Gusts of wind blew dust up off the ground as Ghulam Mohiddin and his wife Nazo walked towards the graveyard where all their children are buried.
They showed us the graves of the three boys they lost in the past two years – one-year-old Rahmat, seven-month-old Koatan, and most recently, three-month-old Faisal Ahmad.
All three suffered from malnutrition, say Ghulam and Nazo.
Can you imagine how painful it's been for me to lose three children? One minute there's a baby in your arms, the next minute they are empty, says Nazo.
I hope every day that angels would somehow put my babies back in our home.
There are days the couple go without food. They break walnut shells for a living in the Sheidaee settlement just outside the city of Herat in western Afghanistan and receive no help from the Taliban government or from NGOs.
Watching helplessly as my children cried out of hunger, it felt like my body was erupting in flames. It felt like someone was cutting me into half with a saw from my head to my feet, said Ghulam.
The deaths of their children are not recorded anywhere, but it's evidence of a silent wave of mortality engulfing Afghanistan's youngest, as the country is pushed into what the UN calls an unprecedented crisis of hunger.
We started the year with the highest increase in child malnutrition ever recorded in Afghanistan. But things have got worse from there, says John Aylieff, the World Food Programme's country director.
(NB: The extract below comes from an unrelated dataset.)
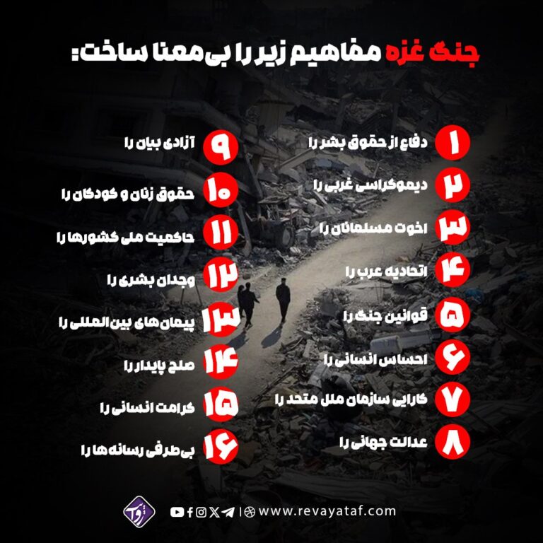 ۱. دفاع از حقوق بشر را ۲. دیموکراسی غربی را ۳. اخوت مسلمانان را ۴. اتحادیه عرب را ۵. قوانین جنگ را ۶. احساس انسانی را ۷. کارایی سازمان ملل متحد را ۸. عدالت جهانی را ۹. آزادی بیان را ۱۰. حقوق زنان و کودکان را ۱۱. حاکمیت ملی کشورها را ۱۲ وجدان بشری را ۱۳ پیمانهای بینالمللی را ۱۴. صلح پایدار را ۱۵. کرامت انسانی را ۱۶ بیطرفی رسانهها را

Food assistance kept a lid in this country on hunger and malnutrition, particularly for the bottom five million who really can't cope without international support. That lid has now been lifted. The soaring of the malnutrition is placing the lives of more than three million children in peril.
Aid has sharply declined because the single largest donor, the US, stopped nearly all aid to Afghanistan earlier this year. But WFP says eight or nine other donors who funded them in the last two years have also stopped this year, and many others are giving much less than they were last year.
One reason is donors are responding to a number of crises around the world. But the Taliban government's policies also affect how much the world is willing to help.
But the Taliban's intransigence on women's rights affects its bid for international recognition, and for the sanctions against it to be lifted. Other decisions, like the recent enforcement of a previously announced ban on Afghan women working for NGOs is putting the delivery of life-saving humanitarian assistance at serious risk, the UN says.
At the Sheidaee graveyard, there were starkly visible signs of child mortality with two-thirds of the graves being for children. Villagers confirmed it was not a specific graveyard for children.
As the crisis deepens, a growing number of families like Ghulam and Nazo's are losing children to malnutrition every day.
Experts warn that with the current trajectory of aid decline and multiple socio-economic challenges, conditions for Afghan children will likely deteriorate even further.
WFP's humanitarian funding will run out in November. At the moment, we are starting to turn away malnourished women and children from the health centres because we simply cannot afford to feed them. In November, we will stop unless we get a further injection of funding, warns John Aylieff.
The situation in Afghanistan is urgent and dire as winter approaches, threatening the already vulnerable population with increasing hardship.